* _THE TASK_:
Although the listing contains pictures, reproduce only its text, exactly as written.

* _RECORDS TO USE_:
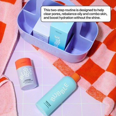 Face the day. Then wash it away. Power your shower with Bubble’s Clean Slate Shower Caddy and Routine for: Combo & Oily Skin. Cleanse with Fresh Start, then quench and rebalance with Cloud Surf’s light-as-air, water cream hydration. Plus, you can keep them both scrub-a-dub-ready in an exclusive shower caddy!
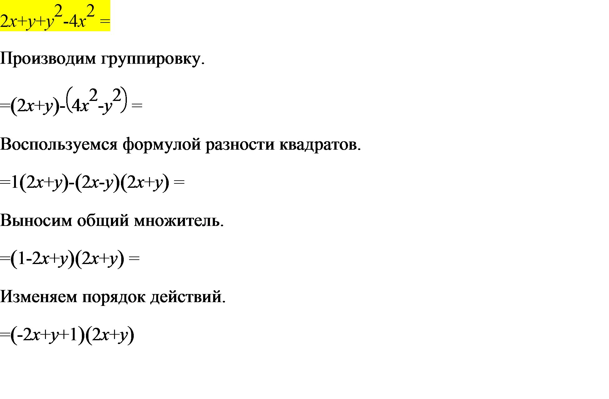 2x+y+y^2-4x^2 = (2x+y)-(4x^2-y^2)=(2x+y)-(2x+y)(2x-y)=(2x+y)(1-2x+y)
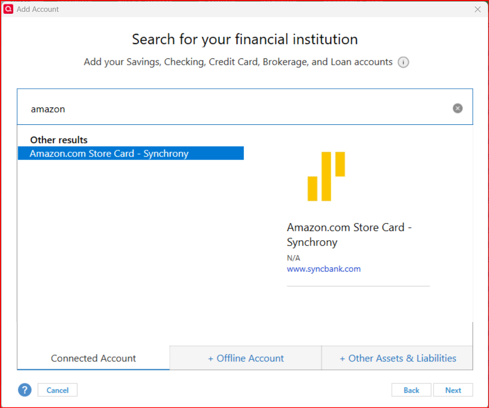 How do i link my Amazon Prime Store Card/Synchrony with my Quicken account?
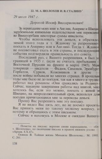 М. А. Шолохов И. В. Сталину. 29 июля 1947 г.
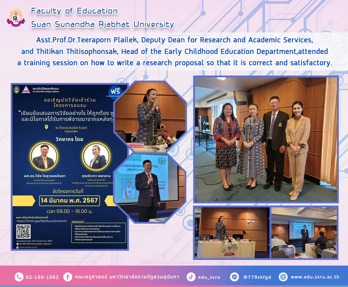On March 14, 2024, from 9:00 a.m. to 4:00 p.m., Assistant Professor Dr. Teeraporn Plailek, Deputy Dean for Research and Academic Services, and Thitikan Thitisophonsak, Head of Early Childhood Education, Faculty of Education, Suan Sunandha Rajabhat University Participate in training projects on how to write a research proposal so that it is correct, satisfactory, and has a chance of being considered by funding sources, with Assistant Professor Dr. Wichai Thosuwanchinda and Ms. Jirapa Long as lecturers at the Royal River Hotel.
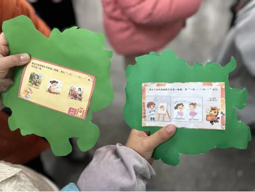 妙语连珠小话筒:以词语为种子,孩子们充分发挥想象与创意,将随机抽取的词语巧妙串联成通顺的句子、生动的片段,或描述画面、或讲述小故事,展现了丰富的语言组织能力与表达天赋。
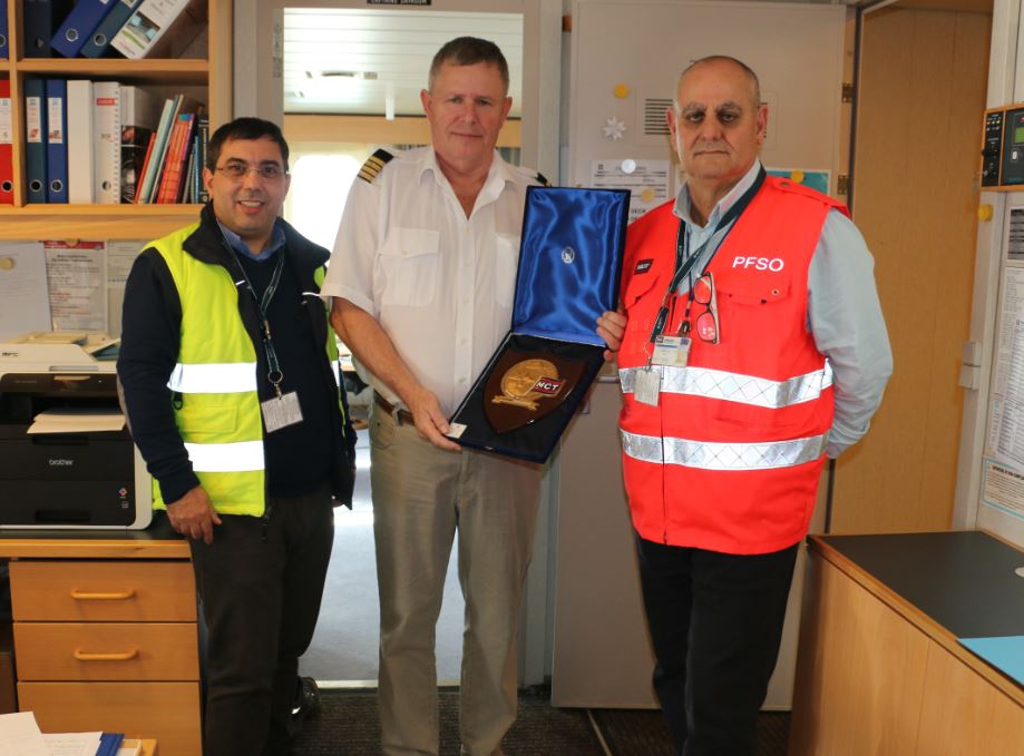 Berthing at at 13:30 hrs, the MCT team quickly commenced operations in order to complete as per the schedule requirements, but still found the time to commemorate this event, with the time honoured ceremony of delivering an MCT crest to the ship command, as Pasquale Papalia (MCT - Customer Service manager) and Francesco Taccone (MCT - PFSO) met Captain Poul Vejhe Møller (Ship’s master) whilst loading and discharging operations were being performed.

* _SOLUTION FOR THIS EXERCISE_:
 Face the day. Then wash it away. Power your shower with Bubble’s Clean Slate Shower Caddy and Routine for: Combo & Oily Skin. Cleanse with Fresh Start, then quench and rebalance with Cloud Surf’s light-as-air, water cream hydration. Plus, you can keep them both scrub-a-dub-ready in an exclusive shower caddy!
 2x+y+y^2-4x^2 = (2x+y)-(4x^2-y^2)=(2x+y)-(2x+y)(2x-y)=(2x+y)(1-2x+y)
 How do i link my Amazon Prime Store Card/Synchrony with my Quicken account?
 М. А. Шолохов И. В. Сталину. 29 июля 1947 г.
On March 14, 2024, from 9:00 a.m. to 4:00 p.m., Assistant Professor Dr. Teeraporn Plailek, Deputy Dean for Research and Academic Services, and Thitikan Thitisophonsak, Head of Early Childhood Education, Faculty of Education, Suan Sunandha Rajabhat University Participate in training projects on how to write a research proposal so that it is correct, satisfactory, and has a chance of being considered by funding sources, with Assistant Professor Dr. Wichai Thosuwanchinda and Ms. Jirapa Long as lecturers at the Royal River Hotel.
 妙语连珠小话筒:以词语为种子,孩子们充分发挥想象与创意,将随机抽取的词语巧妙串联成通顺的句子、生动的片段,或描述画面、或讲述小故事,展现了丰富的语言组织能力与表达天赋。
 Berthing at at 13:30 hrs, the MCT team quickly commenced operations in order to complete as per the schedule requirements, but still found the time to commemorate this event, with the time honoured ceremony of delivering an MCT crest to the ship command, as Pasquale Papalia (MCT - Customer Service manager) and Francesco Taccone (MCT - PFSO) met Captain Poul Vejhe Møller (Ship’s master) whilst loading and discharging operations were being performed.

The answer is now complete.